== Segment start ==

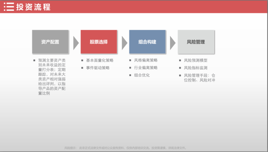 接着,黄栋先生为我们介绍了量化投资的投资流程,由资产配置到股票选择再到组合构建,最后到风险管理。
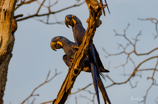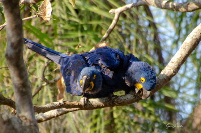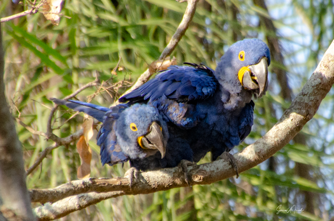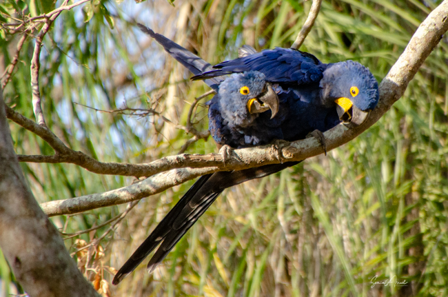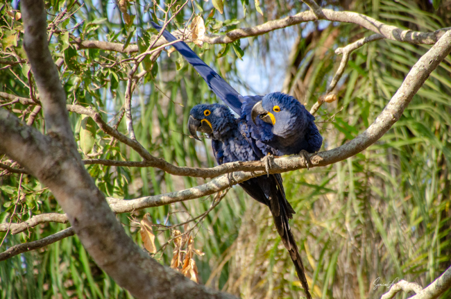 As mentioned above in the capybara section, we were here during a full moon and on our last morning at the Pantanal North Porte Jofre (see below) we saw two hyacinth macaws mating. They sat on a tree branch, right next to each other, and you could see the males tail go up and down as they mated.
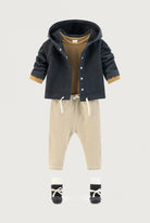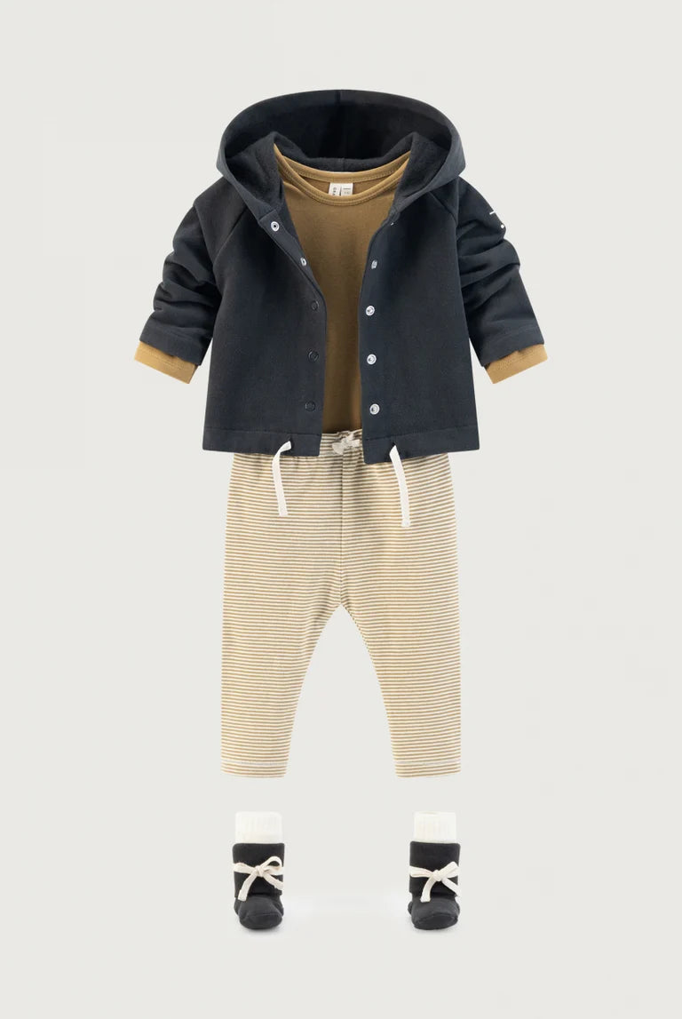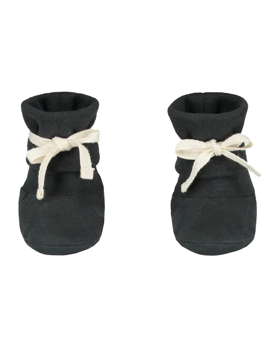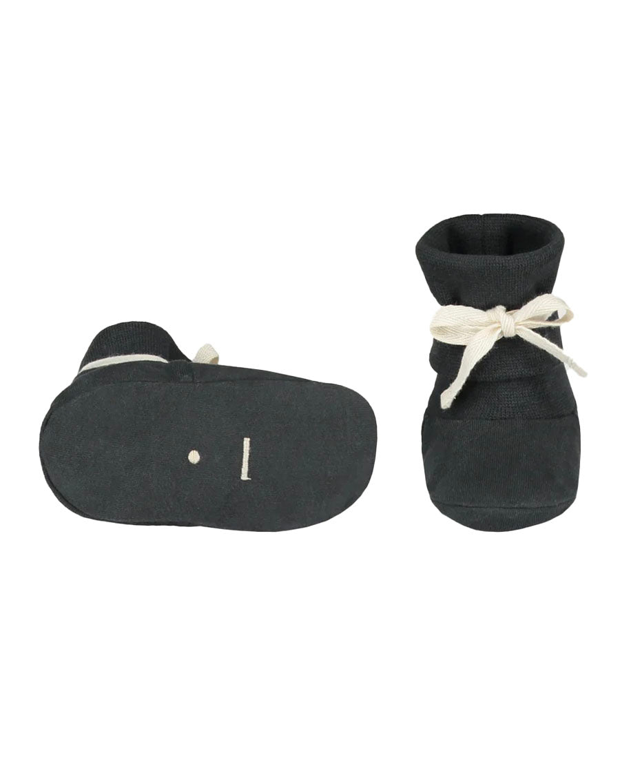 Baby booties in shape of a sock. They are made from our soft organic cotton and a little elastane fleece for a comfy fit. They have a rib knitted double layered folded cuff and a herringbone lace to tighten. Our logo is stitched on the sole of the right bootie
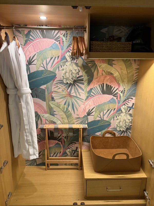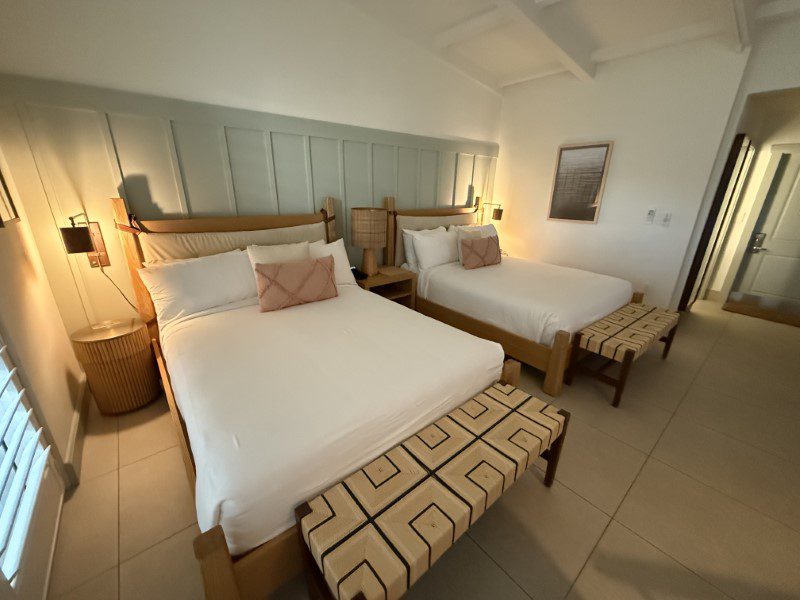 Let’s talk accommodations: we stayed in one of the spacious, bungalow-style retreats with two queen beds, which perfectly balanced that breezy, beachy charm with all the modern touches a mom like me appreciates. I couldn’t get over the pink palm tree closet!
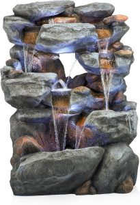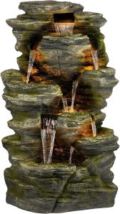 Water cascades gently down a distinct 5-Tier Rock Waterfall Fountain design, creating a soothing acoustic backdrop that helps mask unwanted neighborhood noise. This continuous, rhythmic flow brings a profound sense of tranquility to open-air gatherings or solitary moments of reading and relaxation. Unlike smaller tabletop accents, this floor-standing unit commands attention and fills vertical space effectively. The realistic texture adds rustic charm, significantly enhancing the aesthetic appeal of decks, porches, or sprawling lawn areas.
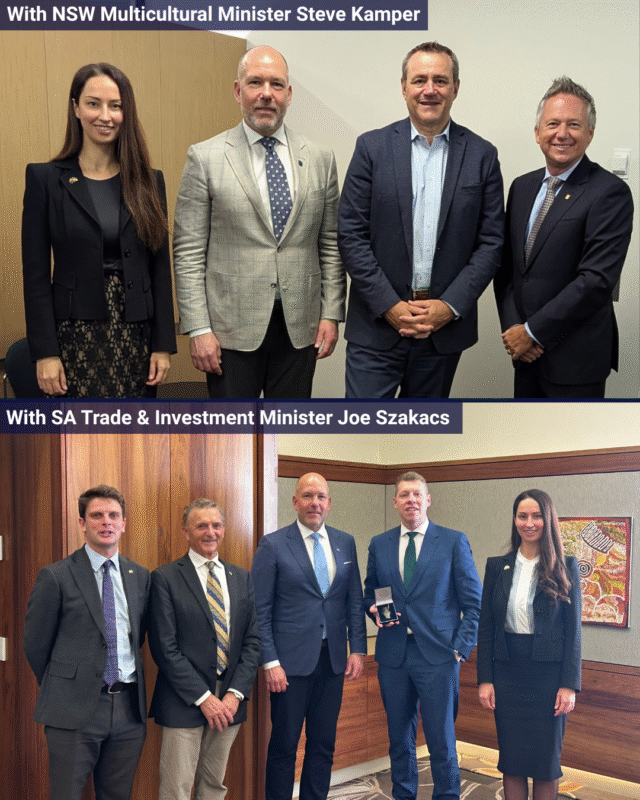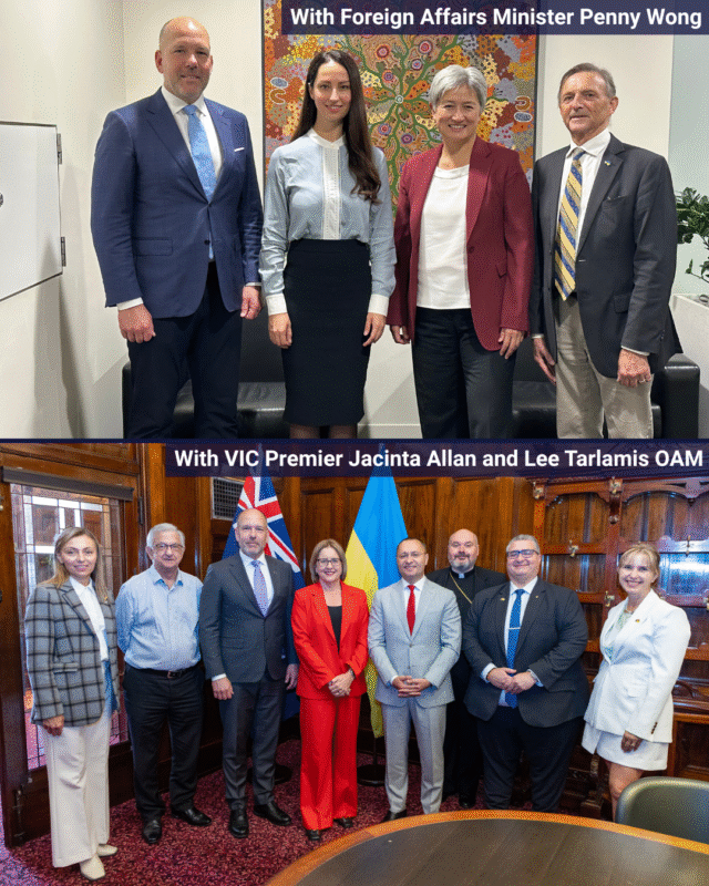 With AFUO Board members, advisers and NSW, SA and VIC State Hromada Presidents, we facilitated a series of meetings for Paul Grod with Foreign Affairs Minister Penny Wong – Senator for SA, Shadow Foreign Affairs Minister David Coleman – Member for Banks, Premier of VIC Jacinta Allan, NSW Multicultural Affairs Minister Steve Kamper, SA Minister for Trade Joe Szakacs MP and state government parliamentarians.

== Segment end ==

### What is required
No images belong in the copy. Transcribe every record exactly.

### Exercise output
 接着,黄栋先生为我们介绍了量化投资的投资流程,由资产配置到股票选择再到组合构建,最后到风险管理。
 As mentioned above in the capybara section, we were here during a full moon and on our last morning at the Pantanal North Porte Jofre (see below) we saw two hyacinth macaws mating. They sat on a tree branch, right next to each other, and you could see the males tail go up and down as they mated.
 Baby booties in shape of a sock. They are made from our soft organic cotton and a little elastane fleece for a comfy fit. They have a rib knitted double layered folded cuff and a herringbone lace to tighten. Our logo is stitched on the sole of the right bootie
 Let’s talk accommodations: we stayed in one of the spacious, bungalow-style retreats with two queen beds, which perfectly balanced that breezy, beachy charm with all the modern touches a mom like me appreciates. I couldn’t get over the pink palm tree closet!
 Water cascades gently down a distinct 5-Tier Rock Waterfall Fountain design, creating a soothing acoustic backdrop that helps mask unwanted neighborhood noise. This continuous, rhythmic flow brings a profound sense of tranquility to open-air gatherings or solitary moments of reading and relaxation. Unlike smaller tabletop accents, this floor-standing unit commands attention and fills vertical space effectively. The realistic texture adds rustic charm, significantly enhancing the aesthetic appeal of decks, porches, or sprawling lawn areas.
 With AFUO Board members, advisers and NSW, SA and VIC State Hromada Presidents, we facilitated a series of meetings for Paul Grod with Foreign Affairs Minister Penny Wong – Senator for SA, Shadow Foreign Affairs Minister David Coleman – Member for Banks, Premier of VIC Jacinta Allan, NSW Multicultural Affairs Minister Steve Kamper, SA Minister for Trade Joe Szakacs MP and state government parliamentarians.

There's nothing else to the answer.